Items from a dataset
++++++++++

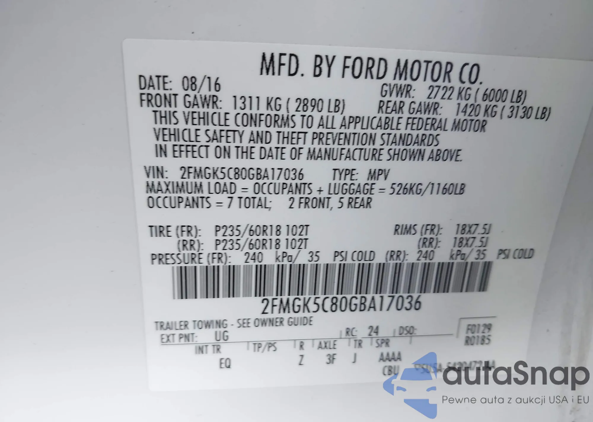 • VIN 2FMGK5C80GBA17036
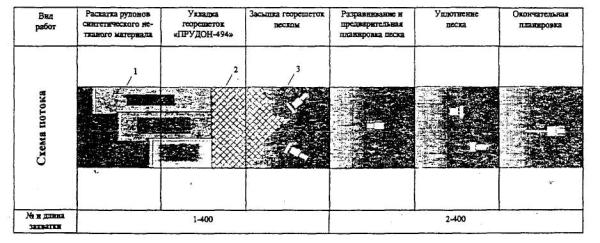 1 - синтетический нетканый материал; 2 - «ПРУДОН-494»; 3 - песок.
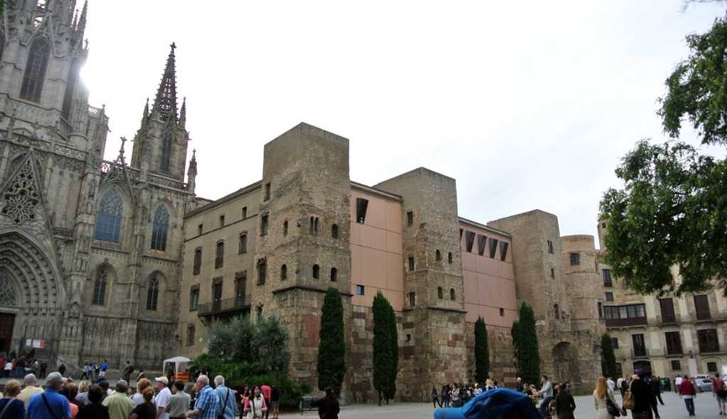 ランブラス通りの東側の街区は、ゴシック地区と称され、暗い迷路のような小道を当てもなく歩いていると、突然広場に出たところで、この様な遺跡に遭遇する。
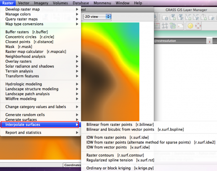 Les puristes diront certainement « oui, mais il faut que ces programmes supplémentaires soient aussi installés, ce qui n'est pas le cas dans d'autres logiciels SIG où tout est disponible nativement ». Et alors, pourquoi refaire deux fois la même chose, vive la collaboration et aux utilisateurs de GRASS, la puissance d'extensions comme gstat !
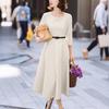 ZANZEA Abito casual da donna a maniche 3/4 e girocollo a tinta unita
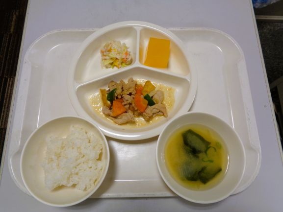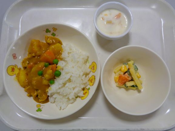 チキンカレー・マカロニサラダ・フルーツヨーグルト
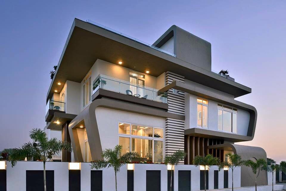 This modern bungalow 3D design package showcases a premium architectural model featuring bold massing, extended cantilevered roof slabs, and large glazed openings that provide a visually striking contemporary look. The rendered model presents a multi-level elevation with curved façade elements, vertical fins, recessed lighting, handrail-mounted terraces, and structural projections. The front elevation includes floor-to-ceiling windows, balcony glass railings, and detailed wall textures that highlight material contrast. The design incorporates expressive geometry, combining sharp edges with smooth curves, visible shading elements, and an integrated boundary wall layout as seen in the preview.
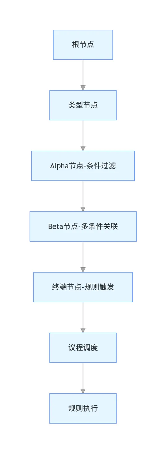 Rete算法会将所有规则拆解成节点,构建一个有向无环图(Rete网络),核心节点与执行流程如下:

++++++++++

Required action. Every line above is to be written out unchanged, with the pictures omitted.

Response below.
 • VIN 2FMGK5C80GBA17036
 1 - синтетический нетканый материал; 2 - «ПРУДОН-494»; 3 - песок.
 ランブラス通りの東側の街区は、ゴシック地区と称され、暗い迷路のような小道を当てもなく歩いていると、突然広場に出たところで、この様な遺跡に遭遇する。
 Les puristes diront certainement « oui, mais il faut que ces programmes supplémentaires soient aussi installés, ce qui n'est pas le cas dans d'autres logiciels SIG où tout est disponible nativement ». Et alors, pourquoi refaire deux fois la même chose, vive la collaboration et aux utilisateurs de GRASS, la puissance d'extensions comme gstat !
 ZANZEA Abito casual da donna a maniche 3/4 e girocollo a tinta unita
 チキンカレー・マカロニサラダ・フルーツヨーグルト
 This modern bungalow 3D design package showcases a premium architectural model featuring bold massing, extended cantilevered roof slabs, and large glazed openings that provide a visually striking contemporary look. The rendered model presents a multi-level elevation with curved façade elements, vertical fins, recessed lighting, handrail-mounted terraces, and structural projections. The front elevation includes floor-to-ceiling windows, balcony glass railings, and detailed wall textures that highlight material contrast. The design incorporates expressive geometry, combining sharp edges with smooth curves, visible shading elements, and an integrated boundary wall layout as seen in the preview.
 Rete算法会将所有规则拆解成节点,构建一个有向无环图(Rete网络),核心节点与执行流程如下:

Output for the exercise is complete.